Wednesday, December 7, 2011

Global change and limitation

Ternary diagram showing the inverse relationships among low resource stresses and how global change factors influence the likelihood of resource limitations.
One foundation of ecology lies in the concept of state factors. Borrowed from soil science, state factors are the properties of ecosystems that are independent of the properties of the ecosystems [see earlier post]. The bedrock under a stand of plants is largely independent of whether a forest is there or we cut it down.

Ecosystems are not entirely deterministic from state factors and there are more proximal "interactive controls" like disturbance that are co-influenced by the vegetation. The probability of fire depends on what species are present as well as state factors like macroclimate.

One deficiency in our application of state factors and interactive controls has been to map the influence of state factors and interactive controls onto limitation. What factors and controls promote water-limitation over nutrient-limitation?

I've been trying to diagram this. Terry in his ecosystem book used a flow-control diagram to map the relative influences of state factors, interactive controls, and other controls on processes.



I've tried this approach for generating limitation and my diagrams come out looking like spaghetti. Or fettuccine. Some type of long, linear pasta.

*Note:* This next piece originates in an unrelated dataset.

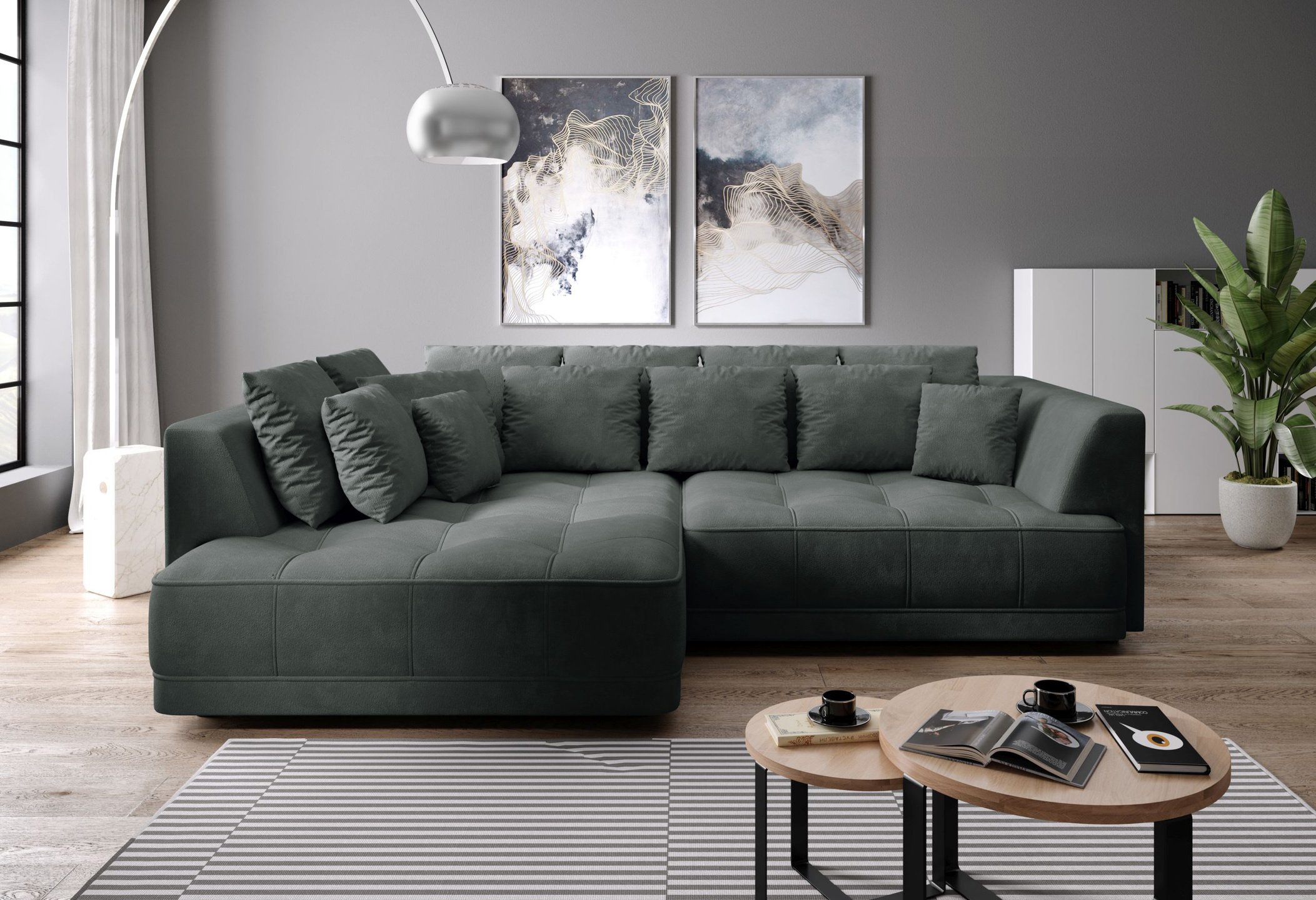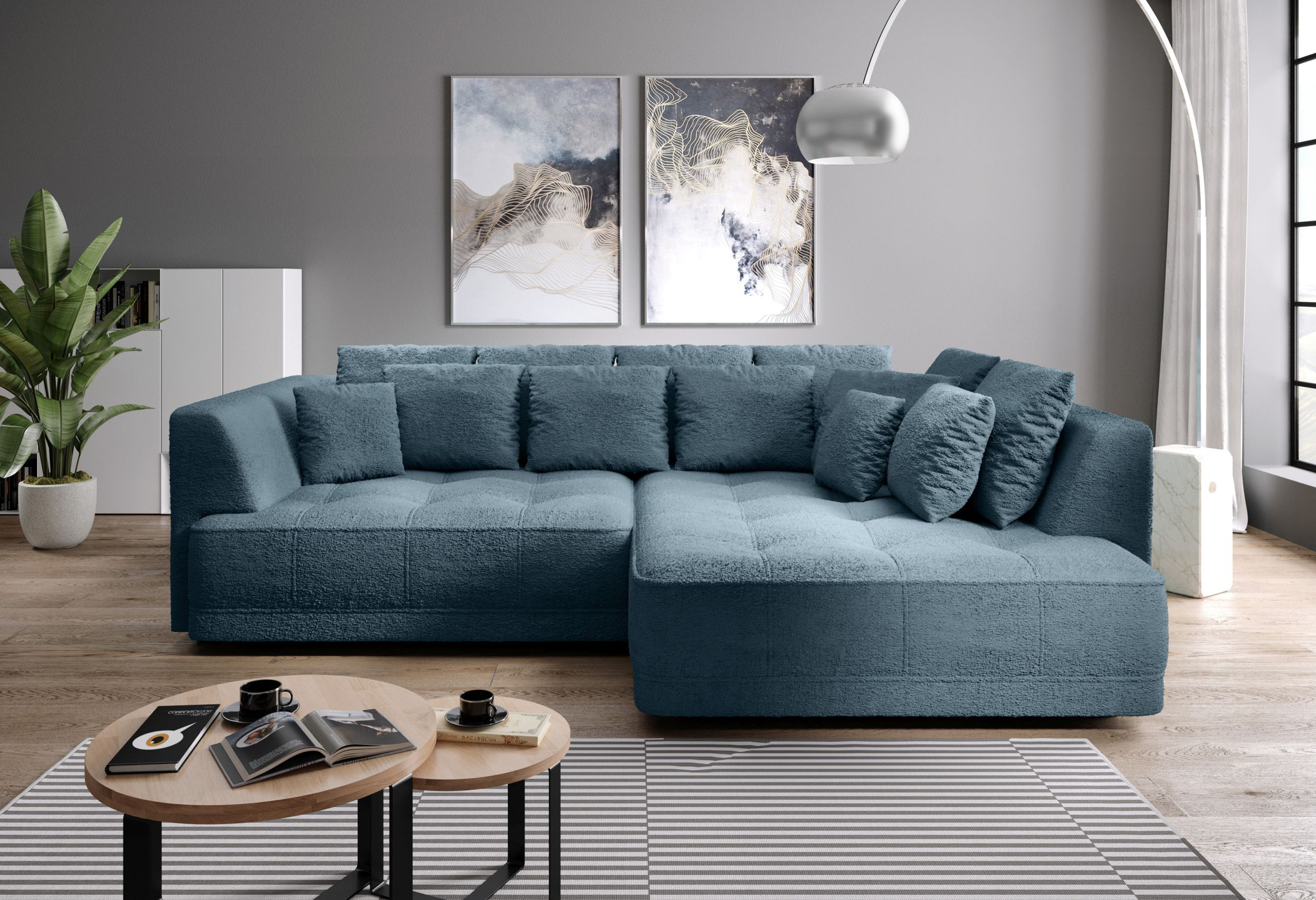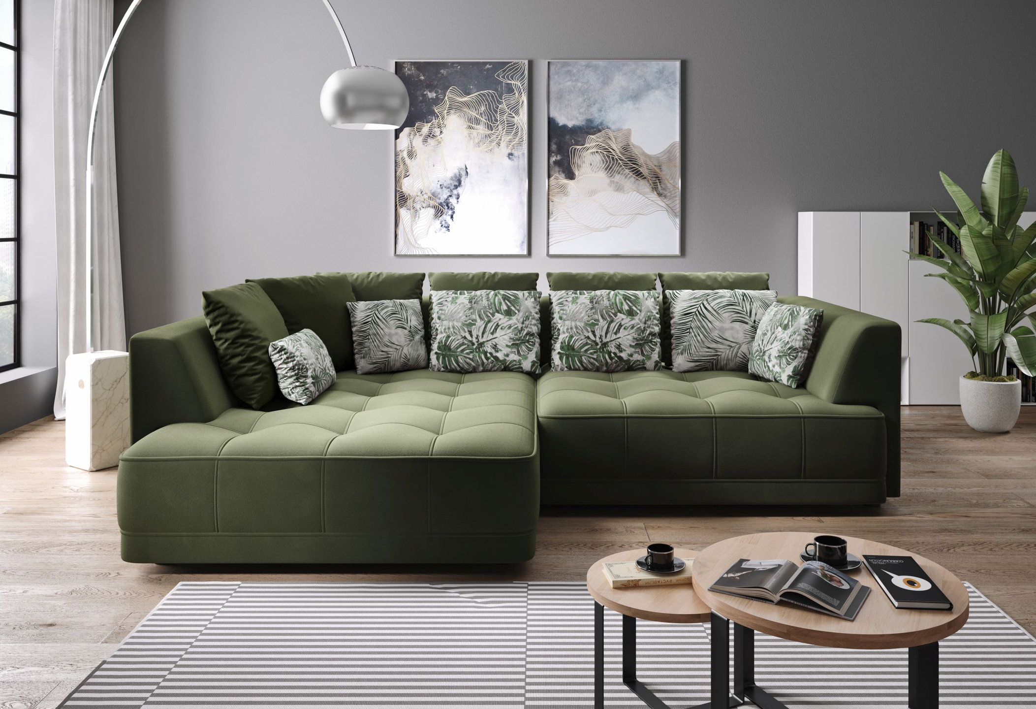 - tył narożnika obity w tkaninie, więc spokojnie może stać na środku pokoju

At least not fusilli thankfully.

The best I can come up with is a ternary diagram. In short, we want to show that drought, shade, and nutrient scarcity are all inversely related. And that a given global change factor promotes one or two stresses over the other. Precipitation promotes shade and nutrient scarcity over drought stress. Warmer temperatures promote drought and shade over nutrient scarcity. Disturbances reduce resource stress overall (inset).

There are dependencies for the diagram, e.g. chronic vs. catastrophic fire or scarcity of N vs. P.

Still I think this encapsulates the concepts we have about how global change factors alter limitation.

Mapping out other specific state factors is still a challenge. I get more spaghetti diagrams when I do this. Well, diagrams that look like I spilled dried spaghetti.

Thursday, December 1, 2011

The proximal should precede the distal

Relationship between water potential at which a species loses 90% of conductivity and dry season mortality. From Pratt 2008.  

When it comes to explaining patterns associated with the ecology of plants, a simple dictum should apply: the proximal should precede the distal.

I've been working with a few others to try to make this point with plant functional traits and ecological patterns for a review that Science green-lighted. In short, when looking to explain ecological phenomena, the mechanisms explored should be the closest to the mechanisms that generate the pattern. 

If drought is thought to cause mortality in a system and one is trying to understand which plants would survive drought the best, measure whole-plant drought tolerance first. Then begin to examine more distal underlying traits. Don't start measuring traits like SLA or screening genes until drought tolerance has been quantified.

Pratt et al. 2008 show a good example of the approach. The authors grew up a series of chaparral species from seed and monitored their performance over a dry summer. Those species that could withstand low water potentials the best, suffered lower mortality.

The same approach applies for a range of other cases, but each time it is important to be clear about what the processes are that are hypothesized to generate the patterns of interest and then measure the functional traits that are most closely related to them. 

There has been over-reliance on general leaf traits, for example, that has generated a lot of frustration (and frustratingly low explanatory power). In contrast, when ecologists directly measure the ability of plants to tolerate low resource availability, for example, ecological patterns are explained better.

Defining the pattern of interest, generating hypotheses about their causes, and clearly linking form and function is a heck of a lot harder than going out and measuring SLA. 

Ultimately, when the proximal precedes the distal, more explanation is generated.

We'll see how we do making the case for the proximal in this review.